Thanks for responding, Gareth.
I know some of the folks at Danube, and I have looked at ScrumWorks. It is a great tool, but we wanted process and status transparency throughout the office. We could only get that through a tool like OnTime.
In our office, we have customized OnTime to work with Scrum, and it works well, but honestly Axosoft knows nothing of Scrum, and they are unwilling to tweak the product to support Scrum. I really doubt that many Scrum shops are using OnTime, but that would change quickly if Axosoft were willing to listen to their customer base.
To use OnTime with Scrum, we relabeled "Features" as "Product Backlog", "Tasks" as "Sprint Backlog". We track Impediments through Incidents, however we did not relabled Incidents, as Incidents are also used by customer support. We leveraged user-defined fields to denote teams and members and used the workflows to drive QA and customer interaction.
The major drawbacks are...
- There reporting tool cannot be used to create burndown charts. We create them all using Microsoft Reporting Services and have the automatically e-mailed to team members. We also had to store some data outside of their database tables, as the historical data needed for burndown charts is not tracked by OnTime.
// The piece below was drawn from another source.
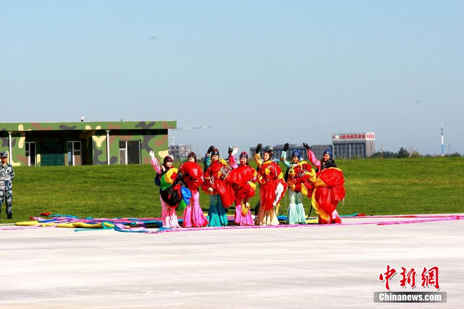 9月10日,空军组织的航空开放活动中,飞行表演备受瞩目。此次飞行表演由三支飞行表演队参加。其中,空军八一飞行表演队、“天之翼”飞行表演队部分队员刚圆满完成纪念抗战胜利70周年阅兵任务归建。图为“八一”跳伞表演队队员完成表演后向观众挥手致意。中新社发 刘成 摄
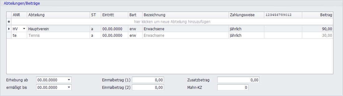 Abteilungszuweisung (ANR) Hier weisen Sie das Mitglied einer oder mehreren Abteilungen zu (z.B. Hauptverein, Tennis, Fußball). Jede Zeile steht für eine separate Zugehörigkeit mit eigenen Beitragsregeln.

- The Customer Portal does not include Tasks, so Sprint Backlog Items cannot be viewed by customers acting as members (either Pigs or Chickens) of your Scrum team.
- There is no support for calculated user-defined fields, so we had to create a trigger on the database to calculate time remaining.
- Some of their fields (like Estimated and Actual Duration) are not used by Scrum, but OnTime's canned reports, Quick Add Task Bar, etc. expect these fields to be used and cannot be redirected to use user-defined fields.
Everything else—with the aid of a few user-defined fields and custom workflows—works perfectly.